Hey !
Here we go for chapter 4 ! Thanks to everyone who followed, favorited and reviewed ! It helps a lot !
We're slowly getting deeper into the story, hope you like it !
Lexa
The library is too quiet for my brain to stop screaming thoughts about Clarke. I've been sitting near the window for hours, because my last class has been cancelled and I thought of doing some research on my next project.
But all I've been doing is checking my phone and looking outside. Maybe I should've gone back to the house for a nap. My notes are in front of me and I took two books from the shelves. I tried to convince myself into working before but I failed, so I decide to put the books back where I took them and secure my notes into my bag.
I stand by the window. Looking outside is fascinating enough. Until I notice something, someone, sitting on a wooden table, and I'm wondering how I didn't see her arrive. She must have been there for a while. The sky is grey, and she's keeping her hands in her jacket pockets, a luggage sitting beside her on the table bench.
It's her. And I leave the library straight away.
It's a bit cold outside, wind is pushing the warm summer air away for winter to come slowly. I didn't go straight to her as I thought I'd do. Instead, I went to the Starbucks right out of campus. It's just a fifteen-minute walk. I'm back soon enough. I go to her and hand her the warm drink. She wasn't facing me, so she didn't see me come from afar.
"I think you could use some coffee," I tell her for her to notice me.
She looks at the drink, then shoots a quick glance at me, and for half a second I could see the red in her eyes. She's been crying.
"Do you mind if I sit ?" I ask, knowing she'd rather have people ask.
She barely shrugs. I sit beside her luggage, leaving a proper space, and lay the cup onto the table, just in front of her. I watch her watching whatever's in front of us. She doesn't seem to be looking at something in particular. She stares into nothingness, and I can notice the shadow under yer eyes. She has cried a lot before, but no tear is falling right now. She hasn't been crying in the last minutes, she'd been crying. She cried a lot at some point in the last hours, I can't tell when, but I need to know why. I feel the same despair I've felt before coming from her and my heart starts to shatter.
She drives me crazy in every way possible. She has to tell me now. She has to tell me what's wrong, what I can do to help her, because I've never seen someone as hurt before and I don't understand how someone as brilliant and gorgeous as Clarke can be so torn.

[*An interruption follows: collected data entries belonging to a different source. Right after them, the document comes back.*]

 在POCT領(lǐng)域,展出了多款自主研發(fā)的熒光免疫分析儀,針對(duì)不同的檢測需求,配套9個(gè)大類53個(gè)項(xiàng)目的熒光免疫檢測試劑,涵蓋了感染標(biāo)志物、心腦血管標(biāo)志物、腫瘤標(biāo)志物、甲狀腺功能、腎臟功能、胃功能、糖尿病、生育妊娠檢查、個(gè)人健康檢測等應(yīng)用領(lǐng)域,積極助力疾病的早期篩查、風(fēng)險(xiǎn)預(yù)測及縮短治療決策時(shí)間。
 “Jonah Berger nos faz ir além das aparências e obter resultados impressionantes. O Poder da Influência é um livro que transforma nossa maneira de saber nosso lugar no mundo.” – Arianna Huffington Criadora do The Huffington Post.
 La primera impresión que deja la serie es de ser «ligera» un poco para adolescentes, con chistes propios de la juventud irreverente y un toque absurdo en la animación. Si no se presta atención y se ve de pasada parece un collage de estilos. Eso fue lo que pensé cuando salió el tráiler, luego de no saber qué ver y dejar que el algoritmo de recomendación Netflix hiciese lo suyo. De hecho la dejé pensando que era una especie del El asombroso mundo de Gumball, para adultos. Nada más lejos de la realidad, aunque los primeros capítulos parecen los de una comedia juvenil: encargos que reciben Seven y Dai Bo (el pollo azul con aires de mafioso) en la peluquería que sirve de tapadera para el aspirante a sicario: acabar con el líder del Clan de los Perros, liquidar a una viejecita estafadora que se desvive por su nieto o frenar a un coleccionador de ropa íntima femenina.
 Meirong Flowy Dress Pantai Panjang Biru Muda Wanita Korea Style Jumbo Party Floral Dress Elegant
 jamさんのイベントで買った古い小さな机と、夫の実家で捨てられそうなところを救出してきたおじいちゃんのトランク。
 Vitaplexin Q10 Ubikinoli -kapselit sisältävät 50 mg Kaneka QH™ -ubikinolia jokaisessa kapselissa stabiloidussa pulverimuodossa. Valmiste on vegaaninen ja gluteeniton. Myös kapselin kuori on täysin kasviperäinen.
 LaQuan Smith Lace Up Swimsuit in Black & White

If she looks empty now, staring blankly at nothing, not moving an inch, her hair pushed on the left by the wind, she's clearly broken. The reason may be foolish, but it's not good to keep going on like that. Or the reason may be terrible, and then she can't stay aside and pretend there's no one here who can help her.
I stand up. I didn't think about standing up, I just did. My knees pushed me up, and I understand what I have to do. I walk around the table, try to find Clarke's glance but I can't catch it, it's lost. So I do as I did before and that she hated. I sit on the bench, on Clarke's left, and push her a bit to be able to sit completely. She frowns, she opens her mouth.

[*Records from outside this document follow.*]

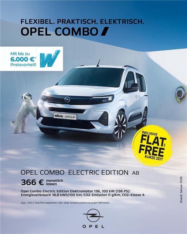 Ein Kilometerleasingangebot für Privatkunden (Bonität vorausgesetzt) der Stellantis Bank SA Niederlassung Deutschland, Siemensstraße 10, 63263 Neu-Isenburg. Opel Combo Electric Edition Elektromotor 136, 100 kW (136 PS), Anschaffungspreis 38.600,00 €, zzgl. 1.290,00 € (separate Berechnung) Transportkosten, 3.000,00 € Sonderzahlung, 366,00 € mtl. Leasingrate, 36 Leasingraten, 10.000 km Laufleistung pro Jahr, 20.568,00 € Gesamtbetrag aller Raten & Sonderzahlungen zzgl. 1.290,00 € (separate Berechnung) Transportkosten. Bonität vorausgesetzt. Das Leasingangebot gilt nur für Privatkunden. Angebot gilt bis zum 31.03.2026. Weitere Informationen zum Fahrzeug und zu Kauf, Leasing und Finanzierung erhalten Sie bei uns.
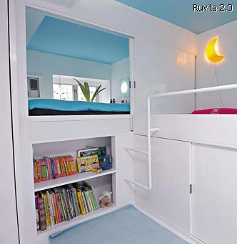 女兒睡房和主人房以趟門分隔,加高的地臺(tái)和睡床下方,有大量的儲(chǔ)物空間。
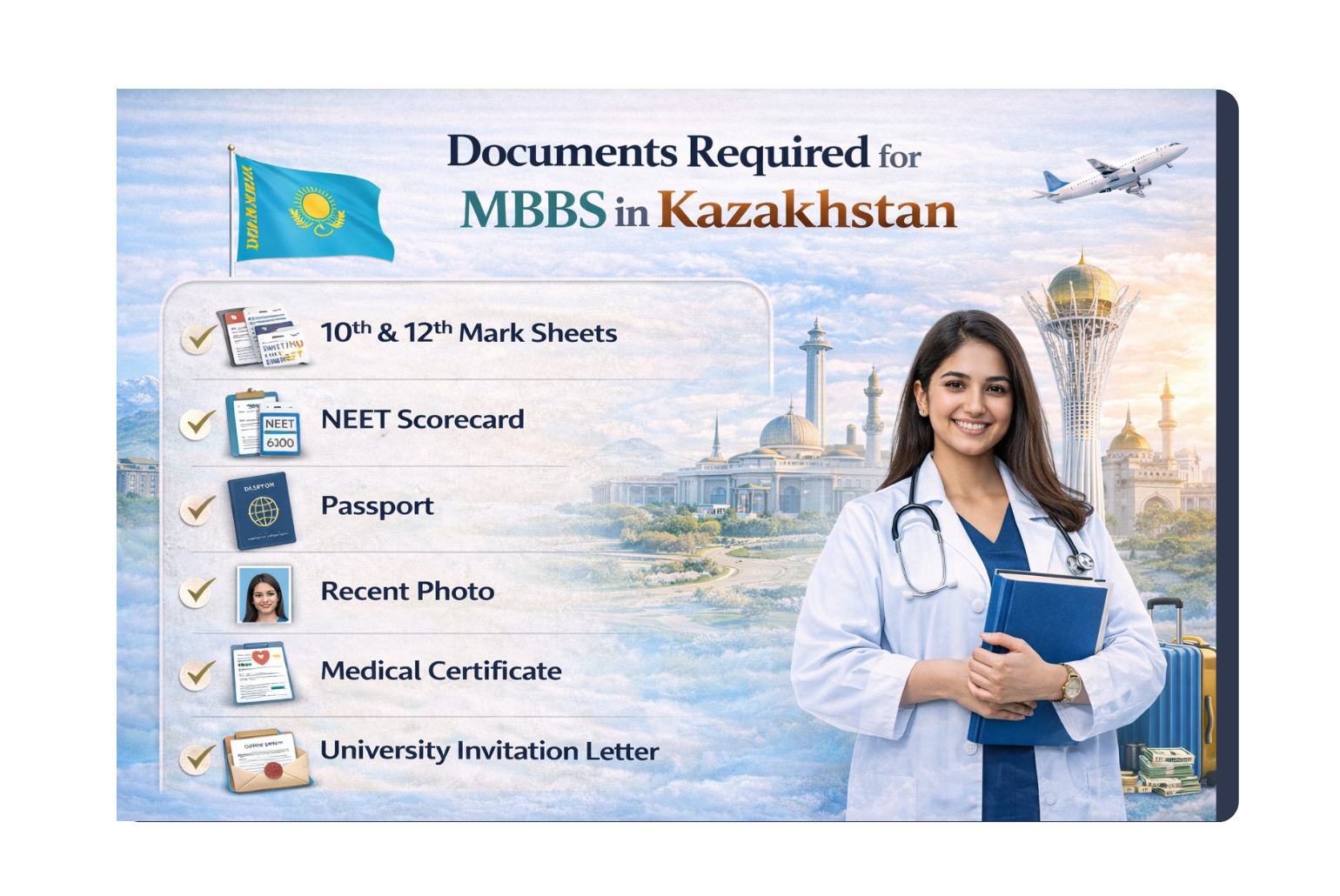 get into an MBBS programme in Kazakhstan, you need to have the right paperwork.
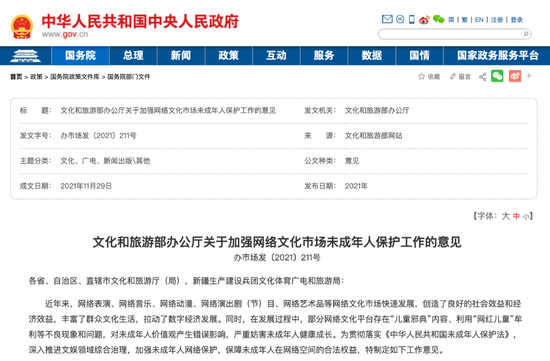 11月29日,文化和旅游部发布《关于加强网络文化市场未成年人保护工作的意见》,提出严禁借“网红儿童”牟利。对出现未成年人单独出镜或者由成年人携带出镜超过一定时长且经核定为借助未成年人积累人气、谋取利益的直播间或者短视频账号,或者利用儿童模特摆出不雅姿势、做性暗示动作等吸引流量、带货牟利的账号依法予以严肃处理。

For a moment I hope she's going to yell at me, but she doesn't. She slightly turns her head towards me and watches me. My eyes. My cheeks, nose, lips. My neck. The rest of my body, though her glance seems vague. I wonder why she's looking, it doesn't look like she's enjoying the view, or judging me. She's just staring. Until she harshly slows down the beating of my heart with a statement.
"You act just like her."
Her. There's another girl. What else could it be ? Her is a person. A woman. Like me. Someone like me. Is it wrong ? Is she trying to insult me ? Somehow it works. I'm hurt, and I don't even know why. I want to ask what she's talking about but the words won't come out. Without knowing I know. Without looking I see the sorrow in Clarke's eyes, and that share of guilt pulsing in her neck I'd feel wherever because it's been there too, wherever I go, in my own neck, choking me until I lose my breath. And there I go being her to soothe the pain.
I think I understand.
I think I know what she meant by her.
I'm no good. I hurt people in hope to make me feel better. I'm her, the kind of bitch who hurt Clarke, I suppose, I think, it seems pretty clear to me. But I don't want to be her, I don't wanna be her if it means shattering people's souls like I was some evil god. I never thought I had this power on anyone, I only thought I hurt their ego.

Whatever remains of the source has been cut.